Mulnayak: Nearly 2.75 m high, white colored idol of Bhagawan Ajitnath.

[edit] History

Digambar Jains settled on this isolated hill with its three rocky peaks. Taranaga is a siddh kshetra. It is said that 35,000,000 muni including Vardutt and Sagardutt attained nirvana from this place. The two hillocks named Kotishila and Sidhhshila have idols of Bhagwan Neminath and Bhagwan Mallinath of Vikram 1292. There are 14 Digambar Jain temples in the foothills. Digamabar jain dharamshala is at the foothills.

At some time in the twelfth century, Kumarpal, the Solanki king residing at Patan, who was himself a Svetambar Jaina, selected this site for the erection of an exceptionally beautiful temple in honor of Ajitnath.
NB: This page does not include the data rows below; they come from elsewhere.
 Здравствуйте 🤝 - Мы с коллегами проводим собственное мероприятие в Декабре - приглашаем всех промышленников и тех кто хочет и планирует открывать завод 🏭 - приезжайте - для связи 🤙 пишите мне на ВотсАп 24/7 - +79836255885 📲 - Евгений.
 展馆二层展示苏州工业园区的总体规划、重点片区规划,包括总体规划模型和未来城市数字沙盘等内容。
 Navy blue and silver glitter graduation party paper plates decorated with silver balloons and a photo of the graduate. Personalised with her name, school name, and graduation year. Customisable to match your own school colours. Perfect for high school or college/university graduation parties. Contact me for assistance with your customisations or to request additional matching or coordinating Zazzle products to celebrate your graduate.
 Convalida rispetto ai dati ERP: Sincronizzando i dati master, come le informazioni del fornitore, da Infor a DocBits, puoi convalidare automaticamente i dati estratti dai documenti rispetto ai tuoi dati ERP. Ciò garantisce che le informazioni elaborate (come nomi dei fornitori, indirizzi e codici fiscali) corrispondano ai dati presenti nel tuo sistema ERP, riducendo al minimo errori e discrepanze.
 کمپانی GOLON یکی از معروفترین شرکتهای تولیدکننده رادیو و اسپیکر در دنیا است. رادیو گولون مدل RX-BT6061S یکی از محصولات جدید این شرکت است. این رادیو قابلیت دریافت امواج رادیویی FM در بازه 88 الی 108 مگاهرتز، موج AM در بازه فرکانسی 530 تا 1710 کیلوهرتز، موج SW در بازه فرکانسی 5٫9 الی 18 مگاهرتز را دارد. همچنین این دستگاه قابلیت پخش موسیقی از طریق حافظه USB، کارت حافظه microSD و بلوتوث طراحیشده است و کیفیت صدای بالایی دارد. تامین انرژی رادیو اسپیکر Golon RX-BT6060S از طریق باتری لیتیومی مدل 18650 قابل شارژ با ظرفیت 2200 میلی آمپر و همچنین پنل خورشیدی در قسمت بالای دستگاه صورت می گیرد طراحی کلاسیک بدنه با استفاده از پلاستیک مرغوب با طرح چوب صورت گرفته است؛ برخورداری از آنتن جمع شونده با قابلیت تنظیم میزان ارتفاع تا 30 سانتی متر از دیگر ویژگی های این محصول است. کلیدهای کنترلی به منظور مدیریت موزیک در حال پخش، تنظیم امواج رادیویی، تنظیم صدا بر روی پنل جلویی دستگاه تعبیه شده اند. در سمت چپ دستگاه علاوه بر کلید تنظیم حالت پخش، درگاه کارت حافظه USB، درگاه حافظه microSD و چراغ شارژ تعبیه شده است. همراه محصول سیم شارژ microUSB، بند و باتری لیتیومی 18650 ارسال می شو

Under the inspiration and instructions of Kalikalasarvajna Acharyashri Hemchandracharya, this temple was built in the year 1200 of the Vikram era. Of the 108 names of Siddhachal, one name is ‘Tarangir’. For this reason, Taranga is regarded as a peak of Siddhachal. In the center of the main vast square of the length of 230 ft and the breadth 230 ft (70 m square), this temple is 50 ft long, 100 ft broad and 142 ft high (15 m by 30 m by 43 m). It has a perimeter of 639 ft (195 m). The 275 m (902 ft) high wooden summit of this temple is beautifully carved. It has seven domes. On the right hand side of the temple, there are foot-idols of Bhagawan Ajitnath and of the 20 wondering Bhagawan and on the left hand side, there are a temple of Gaumukhji, the Samavasaran (the open lecture-hall), and the Jambudvipa painting. On the outer platform of the main temple, there are idols of Padmavatidevi and Kumarpal Maharaja.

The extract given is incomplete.